PROVIDED MATERIAL>
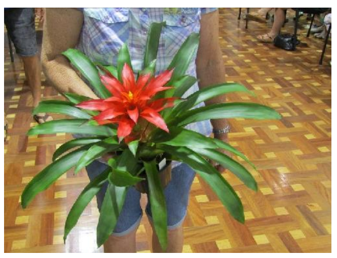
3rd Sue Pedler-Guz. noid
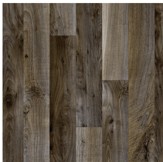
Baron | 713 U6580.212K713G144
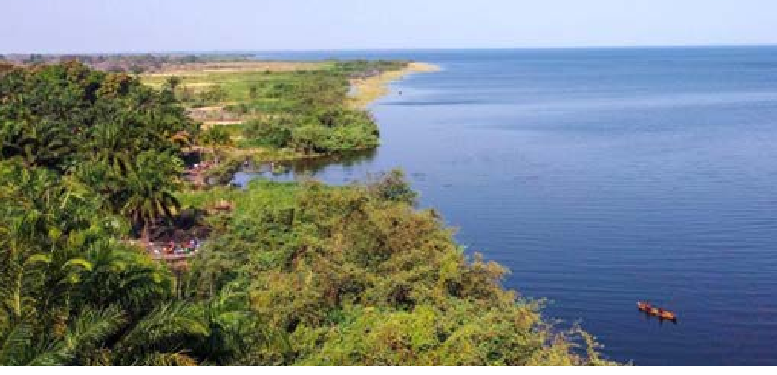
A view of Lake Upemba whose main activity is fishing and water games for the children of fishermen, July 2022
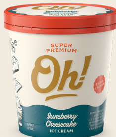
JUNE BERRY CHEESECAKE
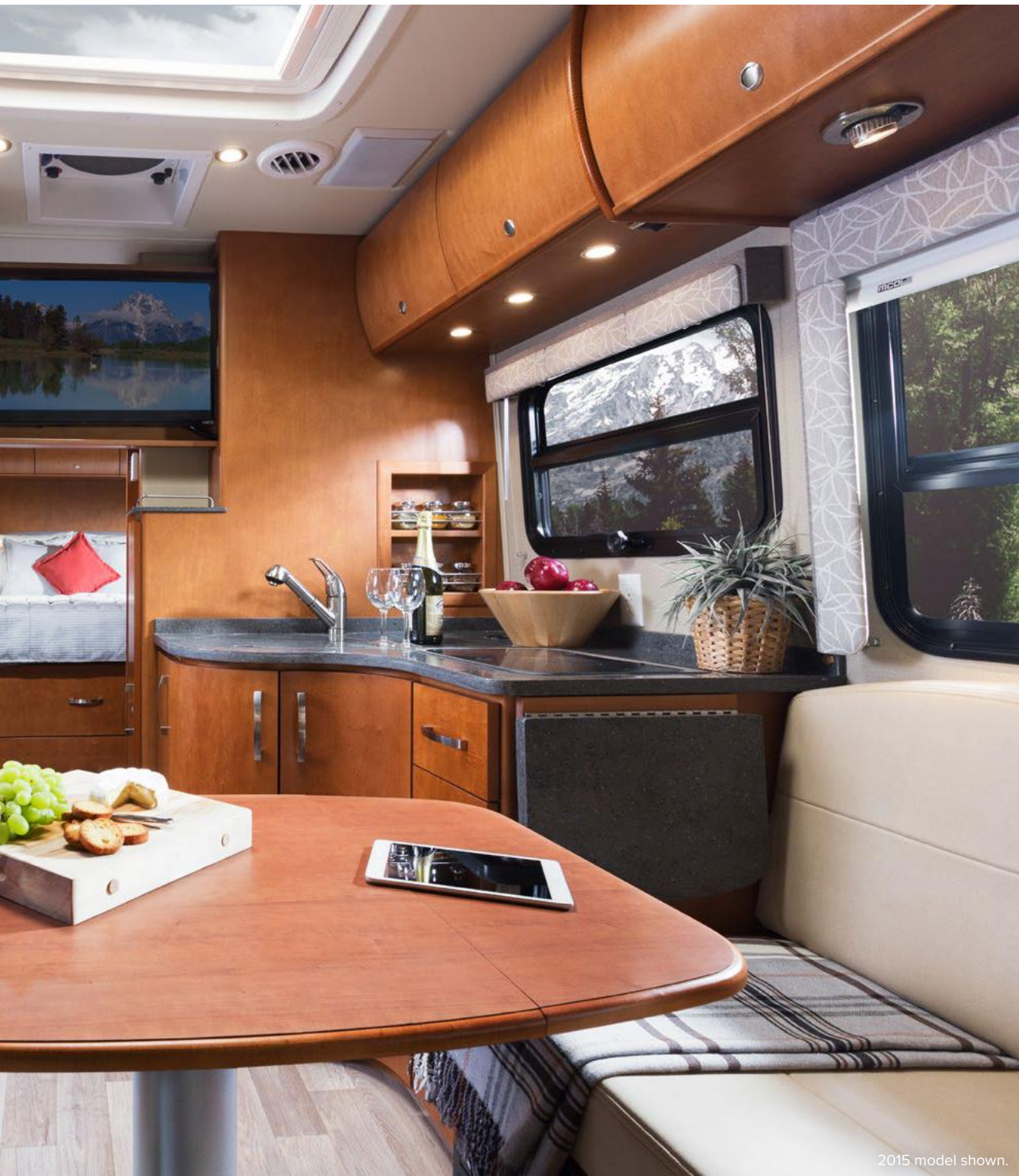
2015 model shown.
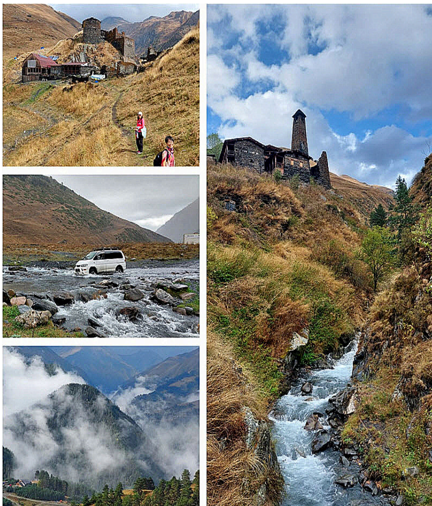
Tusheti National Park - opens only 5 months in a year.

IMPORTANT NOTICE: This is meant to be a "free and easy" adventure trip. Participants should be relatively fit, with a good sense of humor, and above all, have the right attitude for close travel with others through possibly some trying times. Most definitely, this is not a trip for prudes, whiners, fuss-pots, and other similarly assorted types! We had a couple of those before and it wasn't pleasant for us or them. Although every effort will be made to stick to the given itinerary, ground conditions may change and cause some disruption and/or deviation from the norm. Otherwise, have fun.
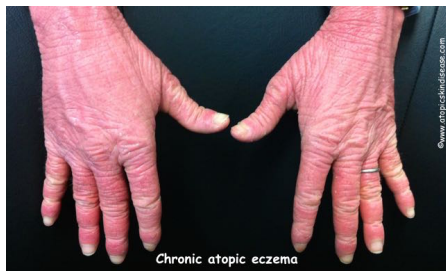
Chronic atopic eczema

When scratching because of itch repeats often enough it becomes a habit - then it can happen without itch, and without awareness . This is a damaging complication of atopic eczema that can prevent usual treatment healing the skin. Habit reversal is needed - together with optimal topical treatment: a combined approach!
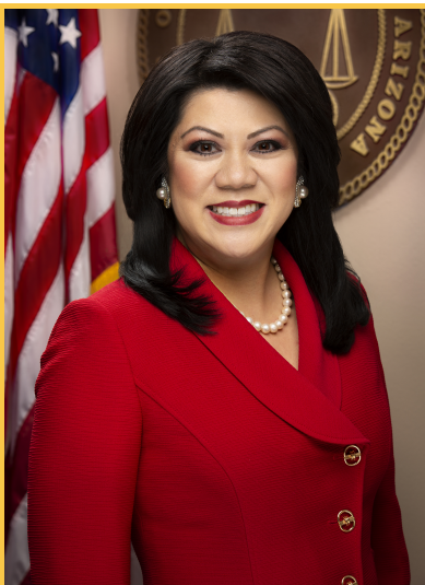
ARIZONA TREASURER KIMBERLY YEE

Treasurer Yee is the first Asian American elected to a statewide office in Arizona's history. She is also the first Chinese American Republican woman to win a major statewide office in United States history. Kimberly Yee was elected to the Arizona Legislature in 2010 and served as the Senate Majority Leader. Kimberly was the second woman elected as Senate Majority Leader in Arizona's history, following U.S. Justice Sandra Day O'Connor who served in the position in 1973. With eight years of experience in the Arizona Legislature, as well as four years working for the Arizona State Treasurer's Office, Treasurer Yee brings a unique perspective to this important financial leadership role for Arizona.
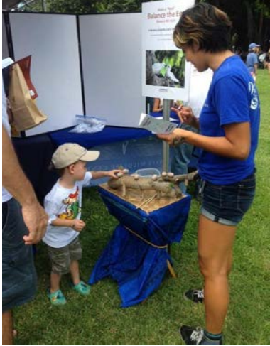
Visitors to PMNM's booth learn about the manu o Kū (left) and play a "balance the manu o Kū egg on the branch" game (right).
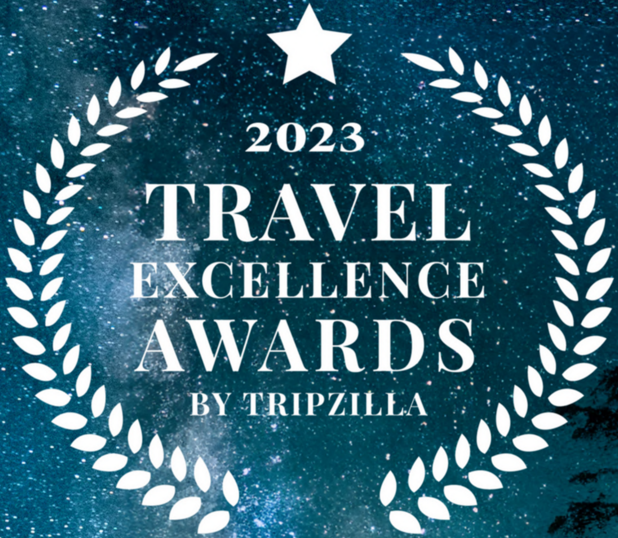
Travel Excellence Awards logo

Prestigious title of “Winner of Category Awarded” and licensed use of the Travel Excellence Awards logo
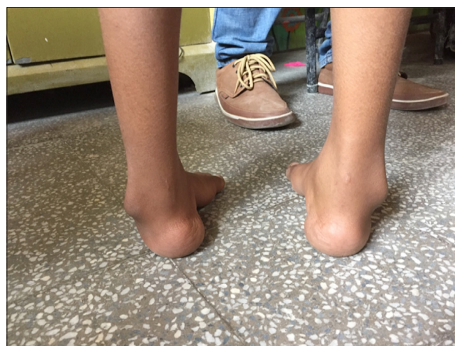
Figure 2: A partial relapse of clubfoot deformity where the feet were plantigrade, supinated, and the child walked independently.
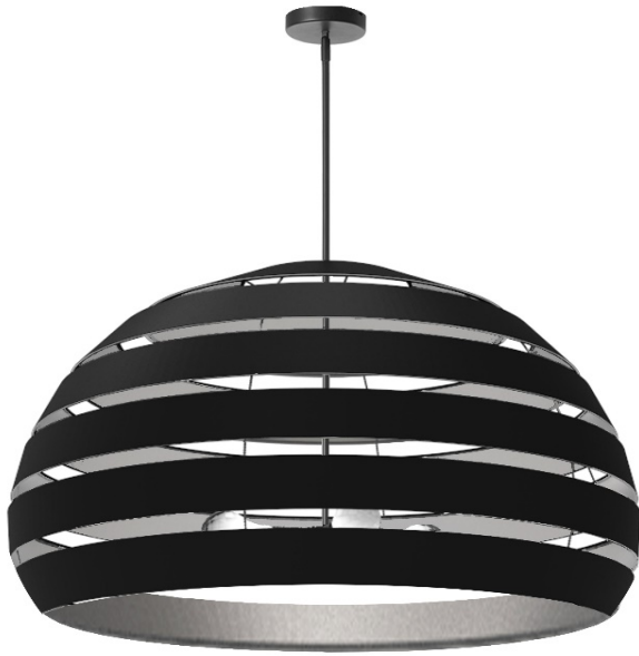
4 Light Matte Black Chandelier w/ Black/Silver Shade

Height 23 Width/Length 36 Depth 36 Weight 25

REQUIRED WORK> Could you transcribe exactly the lines from the one with "Figure 2: A" through the end of the data, both ends included, and nothing else, skipping the pictures?

ANSWER TO THIS EXERCISE>
Figure 2: A partial relapse of clubfoot deformity where the feet were plantigrade, supinated, and the child walked independently.
4 Light Matte Black Chandelier w/ Black/Silver Shade

Height 23 Width/Length 36 Depth 36 Weight 25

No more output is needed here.